Enrich data

In this phase we will add value to the data we have previously collected by semantically enriching it.

Objectives:

After you complete this tutorial you will have learned the following:

  1. How to add NI’s to your entity metadata

  2. How to add rdf:types to your entities

  3. How to add namespaces to your entities

Prerequisites

Before starting on this tutorial we suggest you complete the Collect data tutorial as we will use that data in this tutorial.



Add semantic value

In this step we will add semantic value to our data.

The Hubspot Data

In order to semantically enrich your HubSpot company data, follow the steps below.

  1. Navigate to Pipes

  2. Click on New pipe

  3. Paste and save the DTL configuration below

  4. Press Start to ensure your pipe runs

  5. Press refresh to see number of entities processed (should be 10). You can also see them in the pipe’s output page.

{
  "_id": "hubspot-company-enrich",
  "type": "pipe",
  "source": {
    "type": "dataset",
    "dataset": "hubspot-company-collect"
  },
  "transform": {
    "type": "dtl",
    "rules": {
      "default": [
        ["copy", "*"],
        ["merge-union",
          ["apply", "contact-ni", "_S.associations.contacts.results"]
        ],
        ["add", "rdf:type",
          ["ni", "hubspot:company"]
        ]
      ],
      "contact-ni": [
        ["add",
          ["concat", "_S.type", "-ni"],
          ["ni", "hubspot-contact", "_S.id"]
        ]
      ]
    }
  },
  "add_namespaces": true,
  "namespaces": {
    "identity": "hubspot-company",
    "property": "hubspot-company"
  }
}

The companies in the pipe’s output should now have two new properties consisting of NIs to the respective company’s contacts, one property for each type of contact association, like the following example for hubspot-company:5633255395.
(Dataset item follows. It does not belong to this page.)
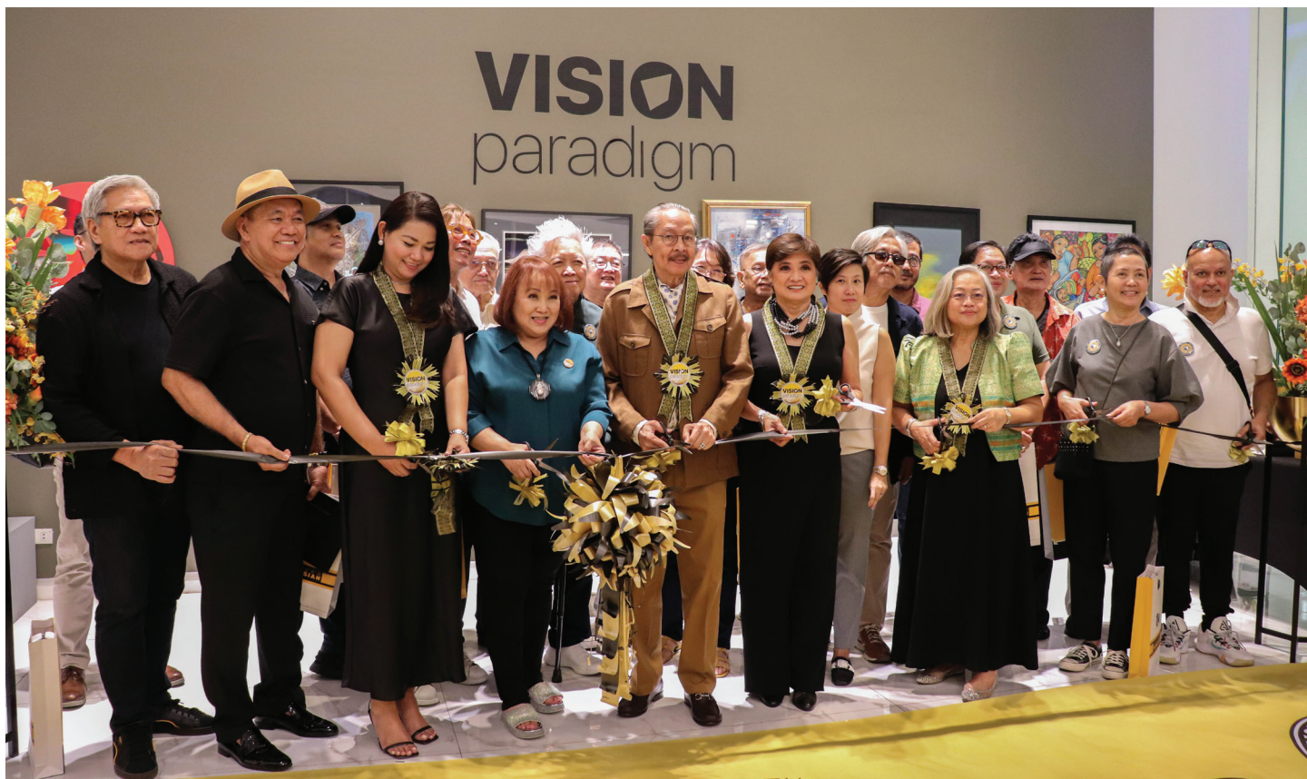
The organizers and Thomasian artists during the ribbon-cutting ceremony

The Office of Alumni Relations (OAR), in collaboration with UST Atelier Alumni Association, Inc. (USTAAAI) of the College of Fine Arts and Design, launched the all-Thomasian art exhibit called “Vision: Paradigm” on July 2, 2024 at the Art Lounge Manila in Molito, Ayala Alabang.

"hubspot-company:company_to_contact-ni": [
  "~:hubspot-contact:5751",
  "~:hubspot-contact:5803",
  "~:hubspot-contact:6151"
],
"hubspot-company:company_to_contact_unlabeled-ni": [
  "~:hubspot-contact:5751",
  "~:hubspot-contact:5803",
  "~:hubspot-contact:6151"
]

The Enhetsregisteret Data

For the Enhetsregisteret data we will only add namespaces and the rdf:type property.
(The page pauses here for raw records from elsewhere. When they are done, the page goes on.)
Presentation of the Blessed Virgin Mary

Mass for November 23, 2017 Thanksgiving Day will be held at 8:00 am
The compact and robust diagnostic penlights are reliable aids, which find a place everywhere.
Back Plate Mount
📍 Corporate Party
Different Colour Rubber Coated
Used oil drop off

Follow the steps below to create the Enrich pipe for the Enhetsregisteret data.

  1. Navigate to Pipes

  2. Click on New pipe

  3. Paste and save the DTL configuration below

  4. Press Start to ensure your pipe runs

  5. Press refresh to see number of entities processed (should be 10). You can also see them in the pipe’s output page.

{
  "_id": "enhetsregisteret-company-enrich",
  "type": "pipe",
  "source": {
    "type": "dataset",
    "dataset": "enhetsregisteret-company-collect"
  },
  "transform": {
    "type": "dtl",
    "rules": {
      "default": [
        ["copy", "*"],
        ["add", "rdf:type",
          ["ni", "enhetsregisteret:company"]
        ]
      ]
    }
  },
  "add_namespaces": true,
  "namespaces": {
    "identity": "enhetsregisteret-company",
    "property": "enhetsregisteret-company"
  }
}

On the output entities you should now see namespaces on every property and the new rdf:type property.